Exercise prompt – The answer consists solely of the lines running from the one with "Continuando el mismo" through the final line below, transcribed exactly and without any pictures.
(Dataset content Opens)
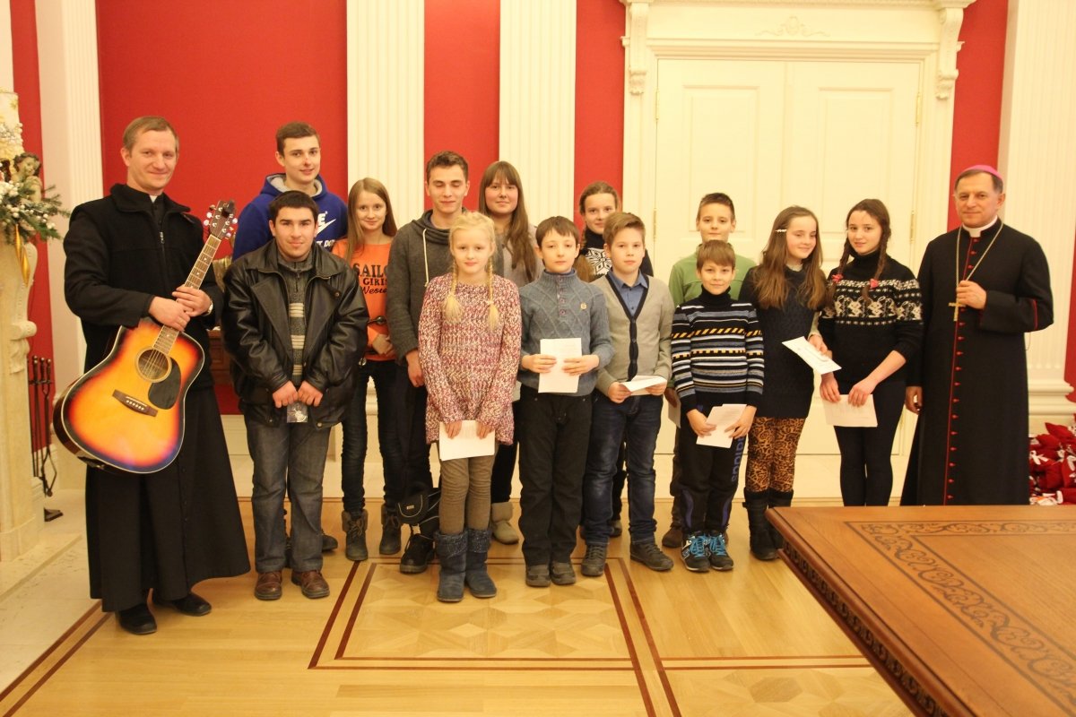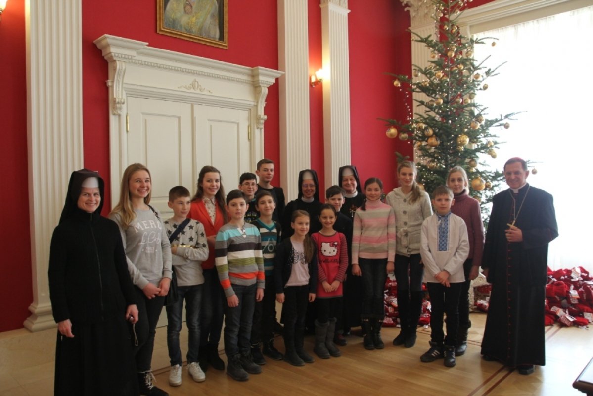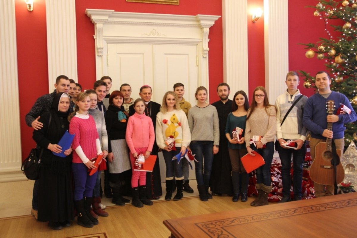 Kolędowanie dzieci i młodzieży u Arcybiskupa M. Mokrzyckiego we Lwowie
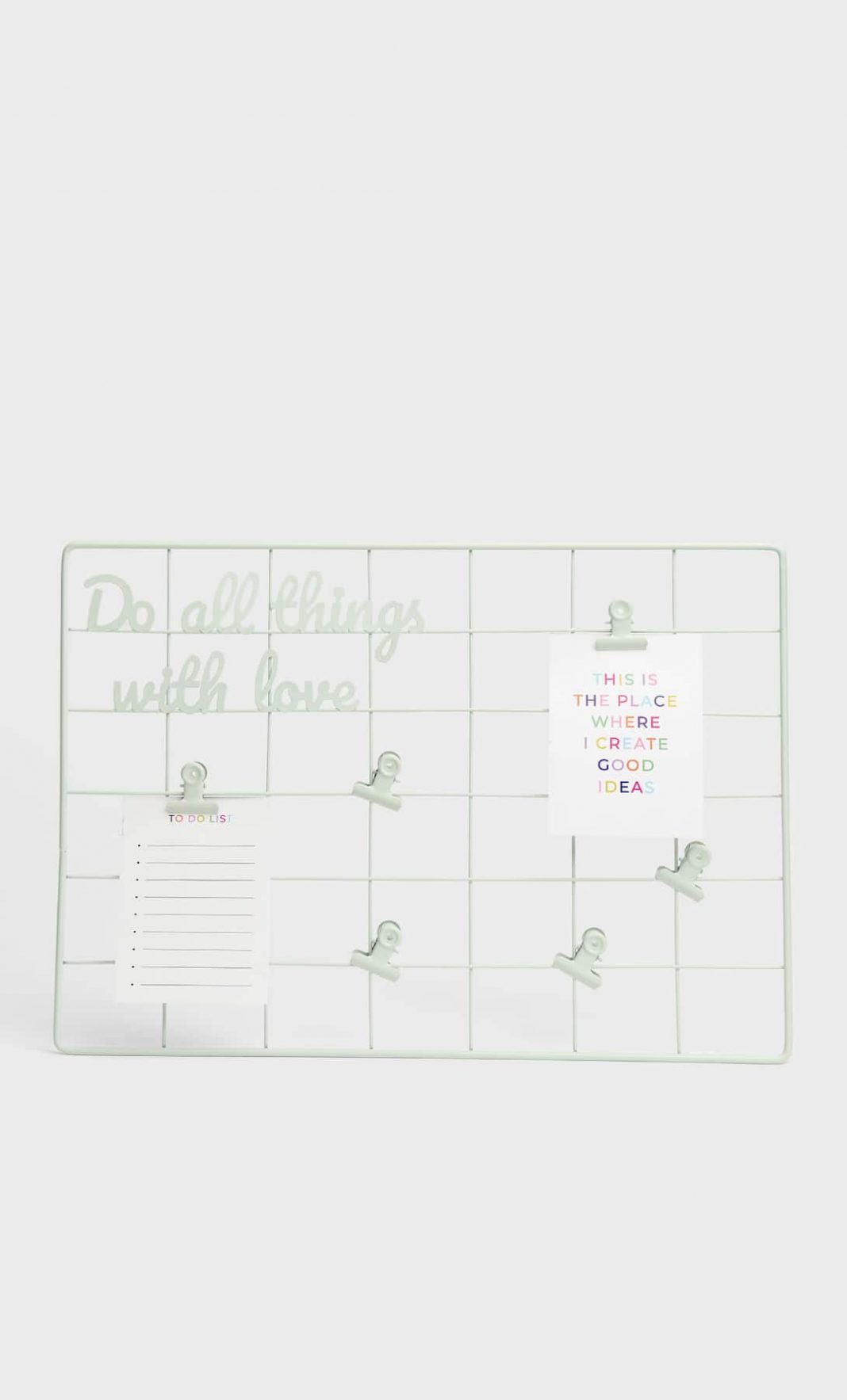 Este tipo de productos tienen mucho éxito en el Ikea, pero es cierto que en lugares como Stradivarius también los puedes encontrar. Se trata de un cuadro organizador donde puedes dejar tus mensajes y buenos recuerdos siempre a la vista en este cuadrito metálico con mensaje incluido. Viene en color agua marina y amarillo.
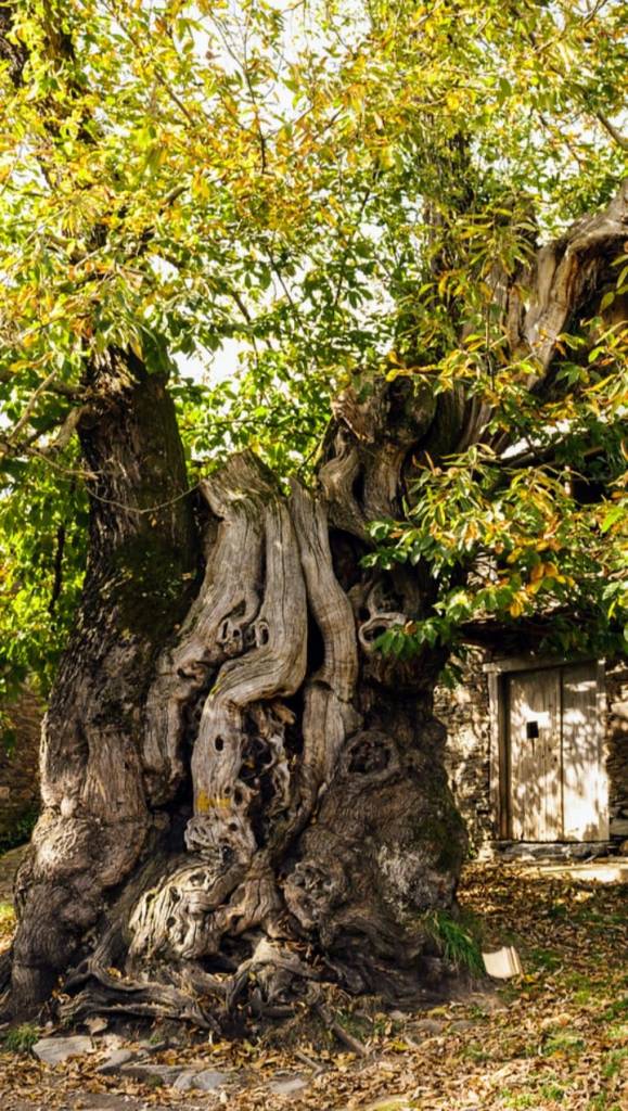 Continuando el mismo camino llegamos a la aldea de «Ramil» llamando la atención el «Castaño Centenario» que asoma pegado al camino .
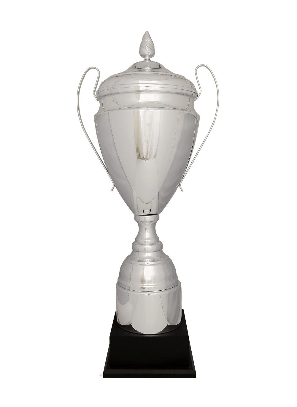 Bu Kulplu gümüş kupa; Gümüş renk paslanmaz 24 cm çapında metal çanak, Gümüş renk paslanmaz metal kapak, özel tasarımlı 5 cm spier, Metal kolon Eskitme sert ahşap taban,
(Dataset content Closes)
Answer –
 Continuando el mismo camino llegamos a la aldea de «Ramil» llamando la atención el «Castaño Centenario» que asoma pegado al camino .
 Bu Kulplu gümüş kupa; Gümüş renk paslanmaz 24 cm çapında metal çanak, Gümüş renk paslanmaz metal kapak, özel tasarımlı 5 cm spier, Metal kolon Eskitme sert ahşap taban,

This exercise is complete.